> _Work to complete_: For this exercise, write out the full listing that follows exactly and skip its pictures.

....................

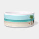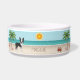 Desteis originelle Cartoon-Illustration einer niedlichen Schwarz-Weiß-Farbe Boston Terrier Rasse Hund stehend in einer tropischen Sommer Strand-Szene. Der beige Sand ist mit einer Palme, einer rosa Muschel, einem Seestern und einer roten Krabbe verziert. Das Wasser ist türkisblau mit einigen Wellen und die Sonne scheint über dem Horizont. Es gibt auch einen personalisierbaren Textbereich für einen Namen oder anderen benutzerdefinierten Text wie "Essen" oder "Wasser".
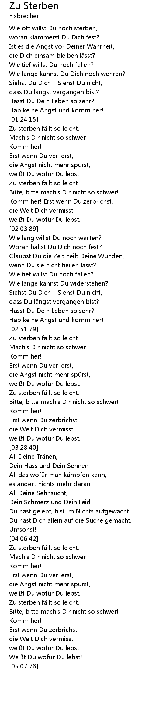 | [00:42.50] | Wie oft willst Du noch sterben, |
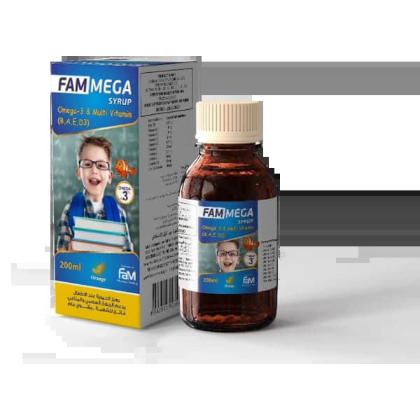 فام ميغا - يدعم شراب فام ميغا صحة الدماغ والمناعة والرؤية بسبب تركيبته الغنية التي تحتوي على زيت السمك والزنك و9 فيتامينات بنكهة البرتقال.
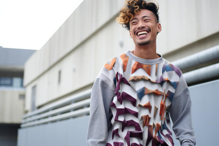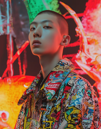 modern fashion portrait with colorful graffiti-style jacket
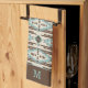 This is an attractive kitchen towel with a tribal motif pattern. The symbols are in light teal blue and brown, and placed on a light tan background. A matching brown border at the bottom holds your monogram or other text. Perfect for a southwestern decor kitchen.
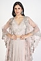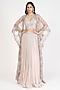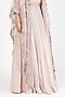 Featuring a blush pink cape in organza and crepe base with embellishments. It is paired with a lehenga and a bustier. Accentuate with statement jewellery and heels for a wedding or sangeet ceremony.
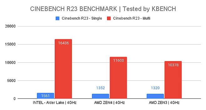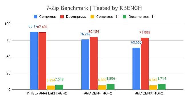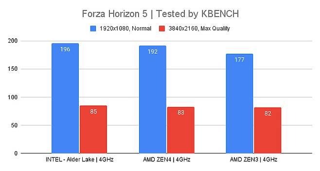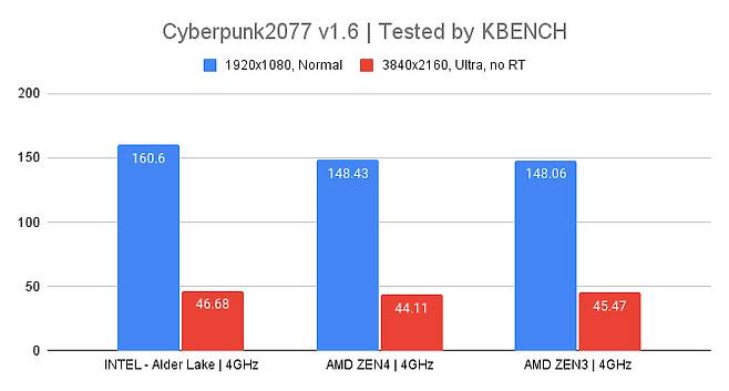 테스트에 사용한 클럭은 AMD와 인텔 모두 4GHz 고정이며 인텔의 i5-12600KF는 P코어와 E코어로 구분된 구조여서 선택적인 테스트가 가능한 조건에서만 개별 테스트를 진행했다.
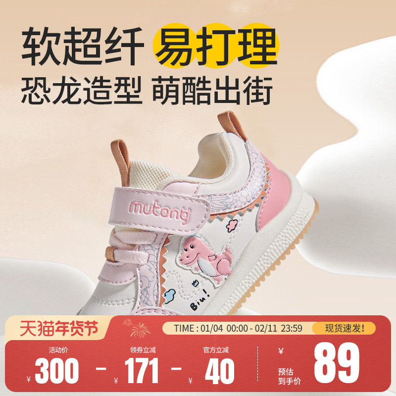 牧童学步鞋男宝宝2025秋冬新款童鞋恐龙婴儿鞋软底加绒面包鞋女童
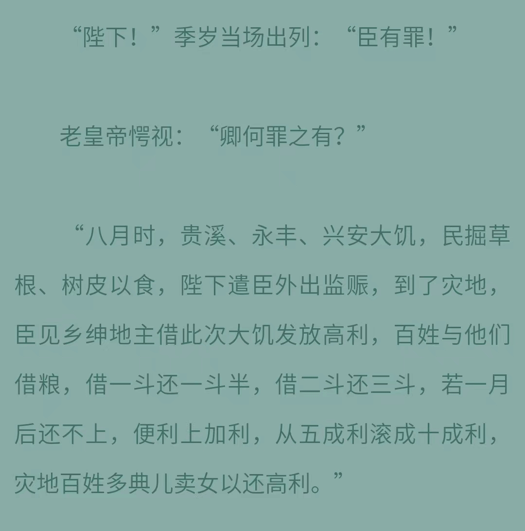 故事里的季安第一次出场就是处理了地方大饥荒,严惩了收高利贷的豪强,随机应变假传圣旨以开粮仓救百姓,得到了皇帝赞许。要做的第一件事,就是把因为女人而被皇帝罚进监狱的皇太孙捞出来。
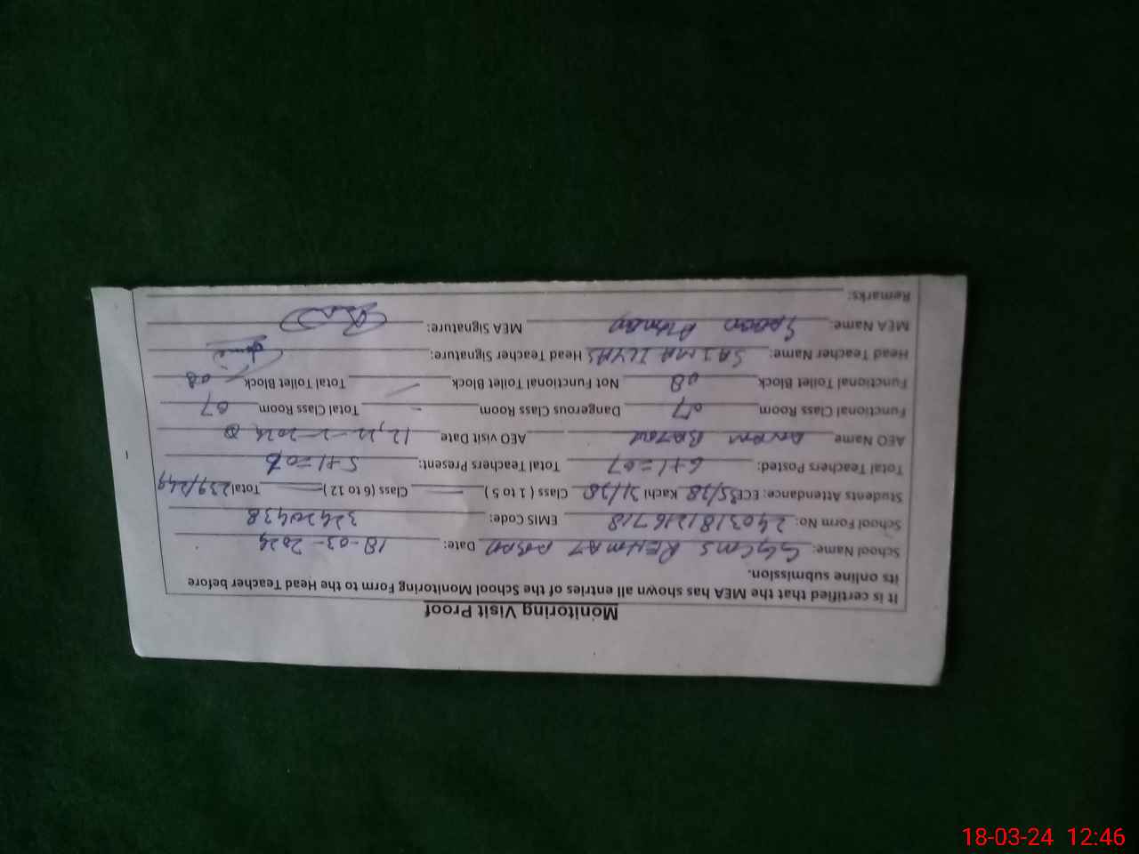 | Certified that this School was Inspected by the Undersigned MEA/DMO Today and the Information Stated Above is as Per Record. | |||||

....................

> _Exercise output_:
 Desteis originelle Cartoon-Illustration einer niedlichen Schwarz-Weiß-Farbe Boston Terrier Rasse Hund stehend in einer tropischen Sommer Strand-Szene. Der beige Sand ist mit einer Palme, einer rosa Muschel, einem Seestern und einer roten Krabbe verziert. Das Wasser ist türkisblau mit einigen Wellen und die Sonne scheint über dem Horizont. Es gibt auch einen personalisierbaren Textbereich für einen Namen oder anderen benutzerdefinierten Text wie "Essen" oder "Wasser".
 | [00:42.50] | Wie oft willst Du noch sterben, |
 فام ميغا - يدعم شراب فام ميغا صحة الدماغ والمناعة والرؤية بسبب تركيبته الغنية التي تحتوي على زيت السمك والزنك و9 فيتامينات بنكهة البرتقال.
 modern fashion portrait with colorful graffiti-style jacket
 This is an attractive kitchen towel with a tribal motif pattern. The symbols are in light teal blue and brown, and placed on a light tan background. A matching brown border at the bottom holds your monogram or other text. Perfect for a southwestern decor kitchen.
 Featuring a blush pink cape in organza and crepe base with embellishments. It is paired with a lehenga and a bustier. Accentuate with statement jewellery and heels for a wedding or sangeet ceremony.
 테스트에 사용한 클럭은 AMD와 인텔 모두 4GHz 고정이며 인텔의 i5-12600KF는 P코어와 E코어로 구분된 구조여서 선택적인 테스트가 가능한 조건에서만 개별 테스트를 진행했다.
 牧童学步鞋男宝宝2025秋冬新款童鞋恐龙婴儿鞋软底加绒面包鞋女童
 故事里的季安第一次出场就是处理了地方大饥荒,严惩了收高利贷的豪强,随机应变假传圣旨以开粮仓救百姓,得到了皇帝赞许。要做的第一件事,就是把因为女人而被皇帝罚进监狱的皇太孙捞出来。
 | Certified that this School was Inspected by the Undersigned MEA/DMO Today and the Information Stated Above is as Per Record. | |||||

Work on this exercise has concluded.